Gernot Heiser wrote:
On Fri, 20 Jan 2006 14:04:03 +0100, "Udo A. Steinberg" us15@os.inf.tu-dresden.de said:
You imply that donation across preemptions is the "correct" behaviour. This is at least debated. In fact, the original motivation is not at all to donate a time slice, but to do lazy scheduling,
A different slant on 'proper' timeslice donation.
Situation:
Thread A has a 'very long' timeslice (set by L4_Schedule()), and is currently running on the CPU.
Thread B has a standard timeslice, is active (ready), but not running, not because is blocked on IPC, but just because it has a priority lower than A.
Thread A ... L4_ThreadSwitch ( Thread B ); ...
According to these L4 specifications:
http://l4hq.org/docs/manuals/l4-x2-20051021.pdf http://www.ertos.nicta.com.au/software/kenge/pistachio/latest/refman.pdf
-------------------------------------------------------- THREADSWITCH [Systemcall] The invoking thread releases the processor (non-preemptively) so that another ready thread can be processed.
Input Parameter
1) dest == nilthread Processing switches to an undefined ready thread which is selected by the scheduler. (It might be the invoking thread.) Since this is “ordinary” scheduling, the thread gets a new timeslice.

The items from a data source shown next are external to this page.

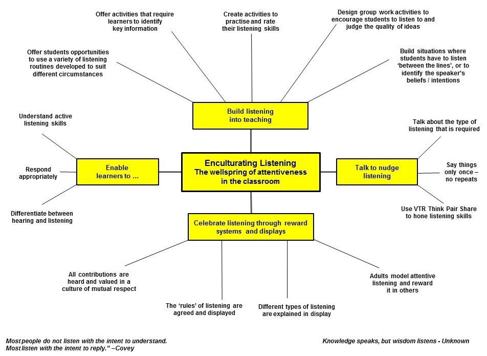Students need to be very clear about the learning habits and processes which they are using. Teachers seek to make every aspect of the learning process as visible as possible through the language they use and through the words and images they display on the walls.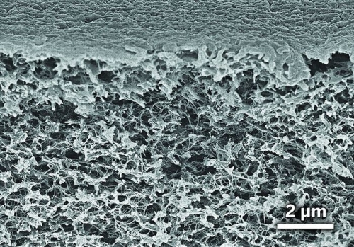 Elektronski mikrograf ćelijske strukture polimer aerogela |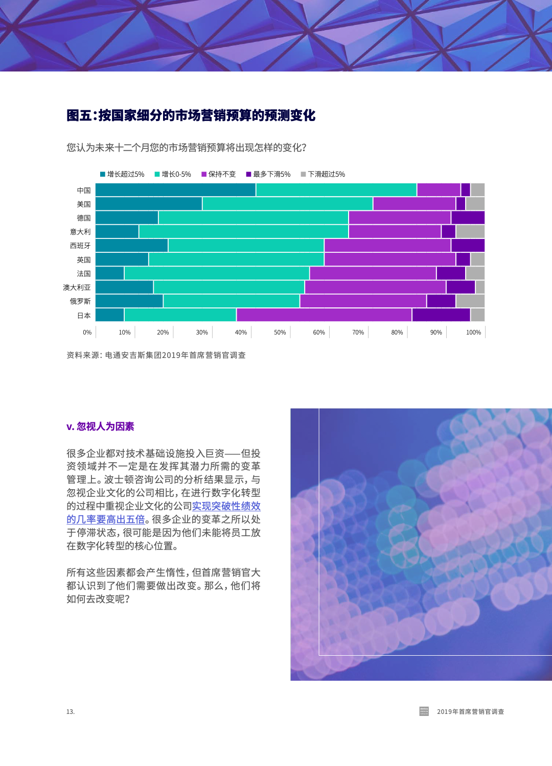 在全球范围内,无法锁定长期投资被认为是实现营销战略的最大障碍(50%的首席营销官将其列为三大担忧之一)。在全球范围内,未来12个月的前景好坏参半,尽管营收在增长(64%的受访者报告同期收入增长),但41%的首席营销官报告其营销预算持平或下降。中国是一个罕见的例外,只有17%的首席营销官报告预算持平或下降(相比之下,87%的受访者报告其业务收入增长)。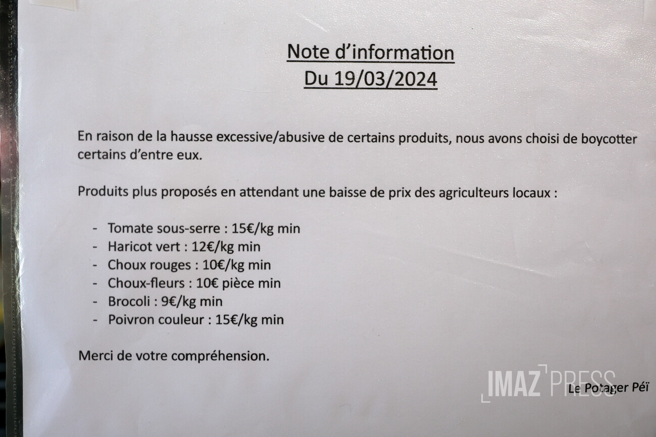 Un prix si élevé qu'un primeur de Sainte-Marie a même décidé de boycotter les tomates et les haricots verts, mais aussi les choux rouges, les choux-fleurs, les brocolis et les poivrons. "

2) dest != nilthread If dest is ready, processing switches to this thread. In this “extraordinary” scheduling, the invoking thread donates its remaining timeslice to the destination thread. (This one gets the donation in addition to its ordinarily scheduled timeslices, if any.) ... --------------------------------------------------------
Since the correctness of some software I am writing may end relying on the behaviour _specified_ at point 2) above, I have the following Q:
Do L4 implementations _really_ honour case 2) ? In other words, will Thread B run as long as prescribed by Thread A timeslice ?
Local experts believe that current L4 implementation(s) do not conform to specification, and Thread B will run only until the next timertick.
Comments ?
Sergio